By Virginia Torsch, Director of Legislative Affairs, TREA Senior Citizens League

Seniors may soon pay the price of a multi-billion-dollar tax cut. After recent years of surpluses, the Social Security and Medicare Trust Funds are once again at risk. Legislation that would add prescription drug benefits to Medicare and Notch Reform are increasingly in doubt.

President Bush’s tax cut and the weakened economy are shrinking federal surpluses. This has set off a fight over the use of the Trust Funds to pay for other government spending. The tax cuts were estimated to cost $1.35 trillion over 10 years, but gimmicks like delayed starts and arbitrary expiration dates or "sunset provisions" masked the true size, which is believed closer to $1.8 trillion. Compounding the problem, the budget resolution approved earlier this year did not include the price tag of increased spending on education, defense or for national emergencies.

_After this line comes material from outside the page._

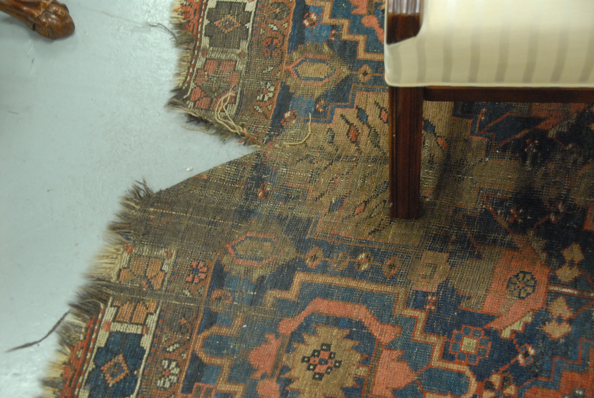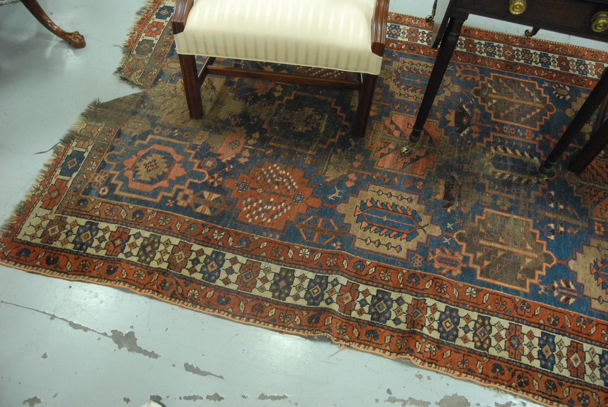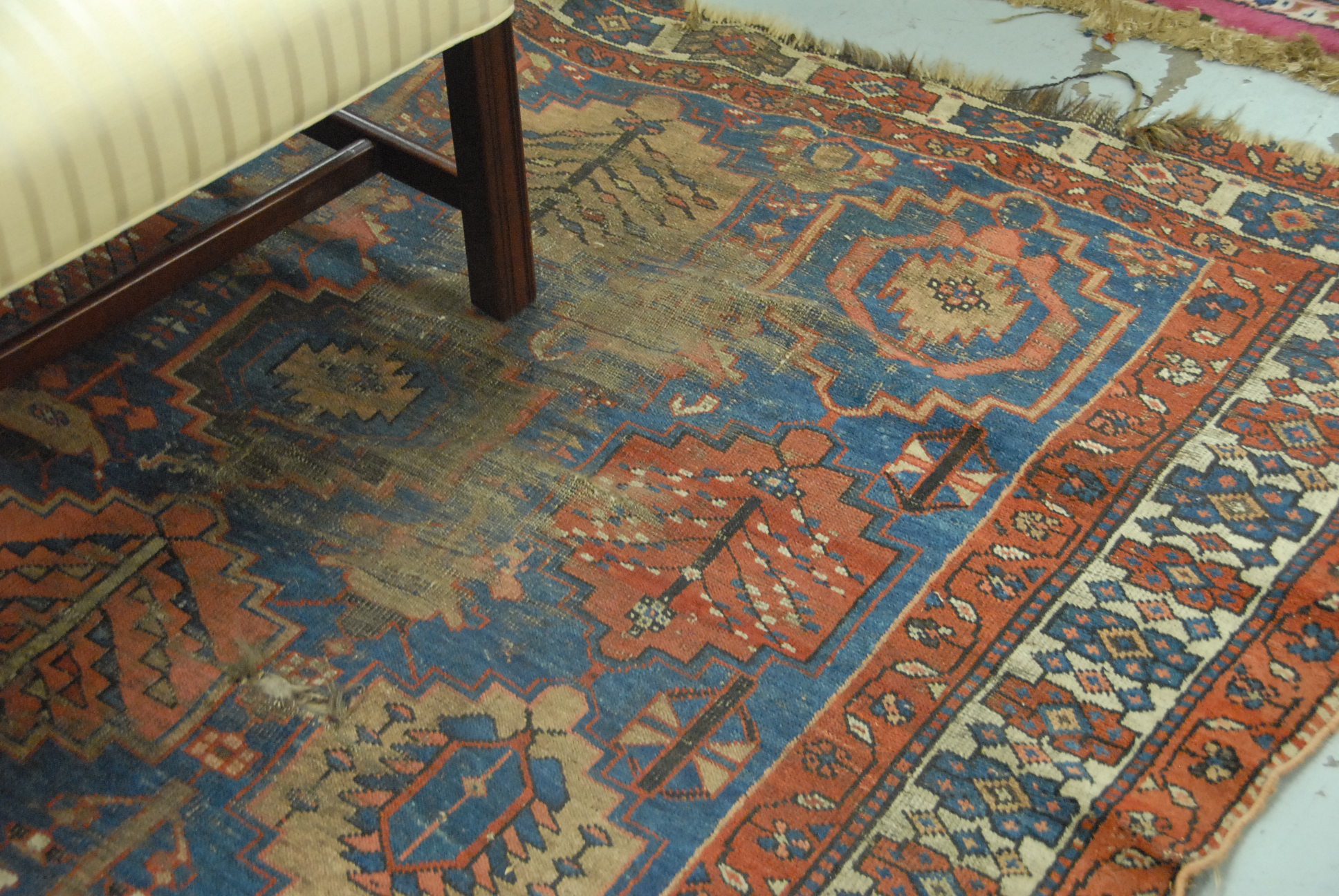 Caucasian Oriental hall runner worn, 5’3 x 9’9.

Recently the Congressional Budget Office (CBO) reduced estimates of the budget surplus for the government’s fiscal year 2002 (FY02) which starts October 1st. In January the CBO estimated the FY02 non-Social Security budget surplus at $47.7 billion. By June the CBO estimate of the surplus dropped to $1 billion.

But almost nothing about the new tax law is irreversible. Even before President Bush signed the new legislation Congress was talking about ways to revise it. Many of the provisions would not become fully effective for years and would end almost immediately thereafter. For example, the estate tax repeal would only be fully effective for one year.

On the other hand, the pressures on Medicare and Social Security continue to mount as increasing numbers of persons retire with fewer workers to pay taxes into the system. A Social Security Commission may soon propose increasing the eligibility age and cutting Cost-of-Living Adjustments (COLAs). Prescription drug costs are expected to climb another 20% by the end of this year.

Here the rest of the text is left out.